埒外の呪力と存在感を放つ2体の式神を従えた、この領域の主の姿を見て。
そう思った。
闘也の顔をよく見れば、体格と比べて意外なほど幼い。
もしかしたら私と同い年くらいかもしれない。
そんな男がこれだけの技を見せつけてきた。
知らず、拳を強く握りしめていた。
「げ、夏油さん。ここは……?」
私と共に取り込まれた黒井さんが不安そうな声を上げる。
傍には、同じく不安そうにする理子ちゃん。
悟だけがいない。
「ここは僕の領域。ステージ名は"神殿"。隣の彼らは僕の式神たち」
「僕は領域に"入ったら即死する"ような効果は付与していない」
「その代わり、僕の式神とのタイマンを強いる必中効果がある。君たちは3人だから、こちらも3人ということ」
「あ、五条悟は別のステージにいるよ。あっちにはとっておきの式神を配置した。彼、喧嘩っ早そうだからね。話をするには少し邪魔なんだ」
それは……その通りだな。
私はやけに落ち着いた気持ちでそう思った。
「さて。タイマンと言っても例外はあるんだ」
「君だね。"呪霊操術"の夏油傑さん」
「……私?」
「そう。君が出す呪霊はいわゆる"アシストキャラ"扱いだ。プレイヤーじゃないから、僕の式神とのタイマン相手とはカウントされない」
「つまり君の術式は僕の領域と相性が良いんだ。なんせ、僕の領域内という敵地であっても、君だけは数的有利な環境を作れるんだから」
「まあ、有利なのは数だけなんだけどね……術式の開示も終わったし、そろそろ証明しようか」
2体の式神がゆっくりと向かってくる。
「『シーク』、『リンク』。離れた下の方*1で闘って欲しいかな。僕は天内さんと黒井さんに大事な話があるから」
闘也は理子ちゃんと黒井さんを見た。
もはや私など見えていないかのように。
「さて、ふたりには知ってもらわないとね。六眼と星漿体、そして天元様。
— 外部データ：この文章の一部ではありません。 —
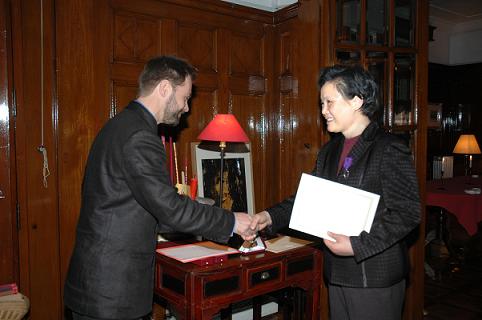2006年1月5日,法国驻沪领事馆总领事代表法国政府向ok138cn太阳集团副校长、上海高校社会学E-研究院首席研究员李友梅教授授予法兰西共和国总理颁发的"金棕榈骑士"勋章,以表彰她对中法教育科研交流作出的突出贡献。在授勋仪式上,总领事首先宣读了法国政府给李友梅教授的贺词,高度评价了她的学术成就以及对中法文化交流作出的努力。他说,李友梅女士是中国和国际上的著名学者。在法国留学期间,她把中国文化带到了法国,并以优异成绩获得法国著名大学的博士学位。回到中国以后,她又把法国文化带到了中国,尤其在中法社会学交流中成绩卓著。在她的努力下,法兰西共和国总理成功访问了ok138cn太阳集团,又在ok138cn太阳集团成功举办了法国文化日活动。李友梅教授在答谢辞中说,感谢法国人民和政府的友好情谊,并表示今后将继续致力于中法学术文化的交流,特别要进一步加强ok138cn太阳集团与法国教育界之间的合作,以有利于双方的共同发展。
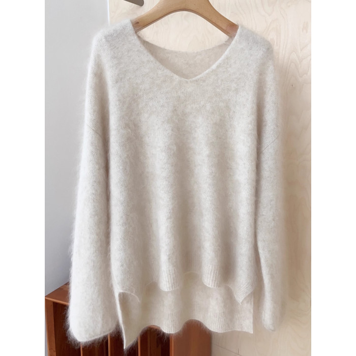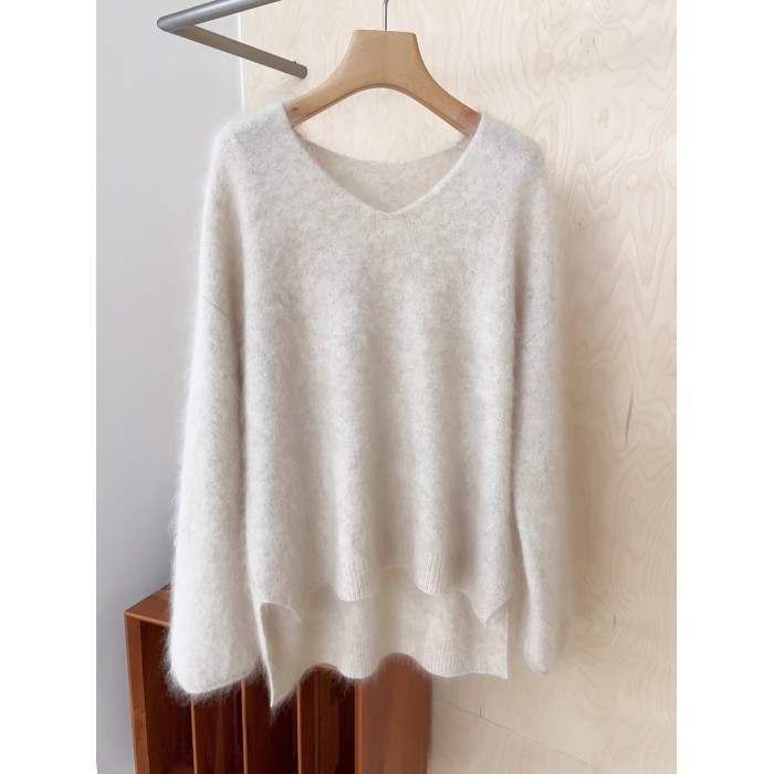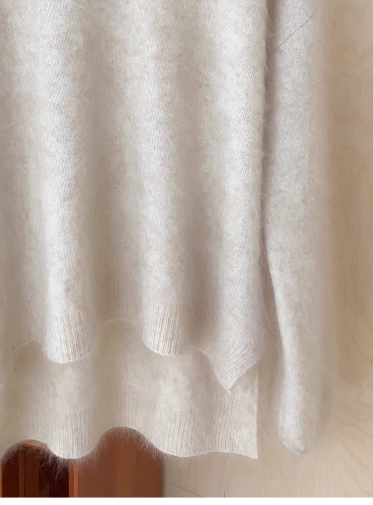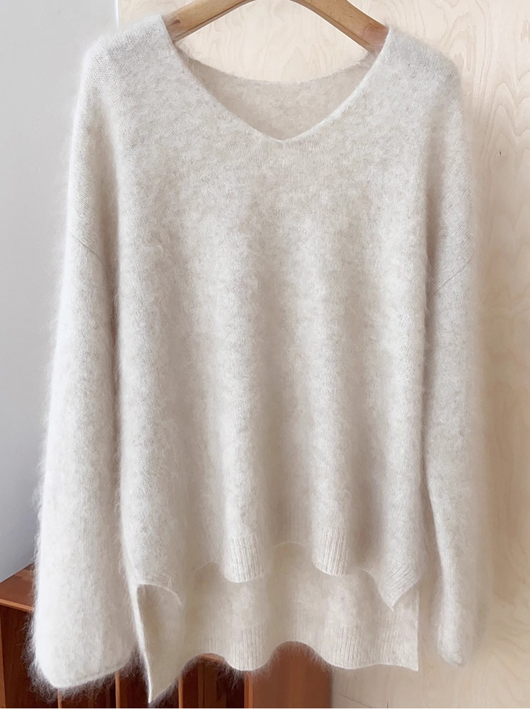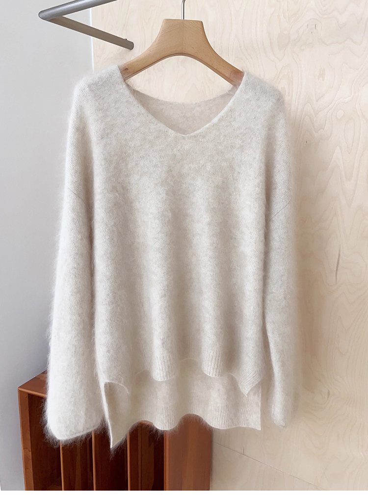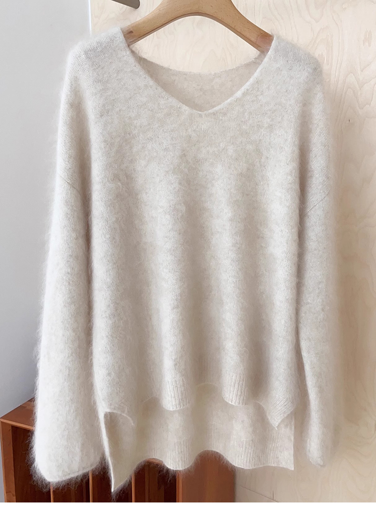 奶fufu浣熊絨v領前短後長毛衣女秋冬溫柔慵懶風高級感軟糯針織衫

それらを繋ぐ因果とーー」
「それを破壊する方法を」
それきり闘也は口を閉じた。
どうやら私との戦闘は式神に任せるつもりらしい。
その態度が何よりも屈辱だった。
私は襲い来る2体の式神からバックステップで距離をとりながら、ただその思いを強くした。
上での話が終わったのか。
私の圧倒的劣勢の中で、2体の式神が唐突に攻撃を止めた。
……明確な敗北だった。
『リンク』の放つ光の矢と煌めく剣は、触れるだけで私の呪霊を消滅させた。
『シーク』の多彩かつ容赦の欠片も無い格闘術は、私のソレを優に上回った。
領域内というバフもある。
だが、それ以上の地力の差を感じた。
引き返していく式神を追うと、先ほどと変わらない位置に闘也たちはいた。
「僕の式神2体相手によく粘ったよ。これは嫌味じゃない。賞賛だ」
「……ああ」
それしか返せなった。
悔しさが溢れる。
それでも悟なら。
最強の相棒なら、なんとかなるのではないかと思ってしまう。
だけど、その希望もまた打ち砕かれる。
「五条悟はこちらよりもっと苦戦するだろうね」
「"タイマンを成立させる"ための副次効果によって彼の"無限"による防御は性能を大きく制限される。よって肉体操作のみの慣れない近接格闘戦を強いられる訳だ」
「まあ……そもそも対戦ゲームで無敵バリアなんてつまらないから、制限されるのは仕方ないよねぇ」
……詰みだな。
私は勝てなかった。
悟もまた、勝てないだろう。
確かにこれは信じるしかないかもしれない。
これだけの力を持ってなお、武力による支配ではなく、対話を選んだ彼の言葉が真実であることを。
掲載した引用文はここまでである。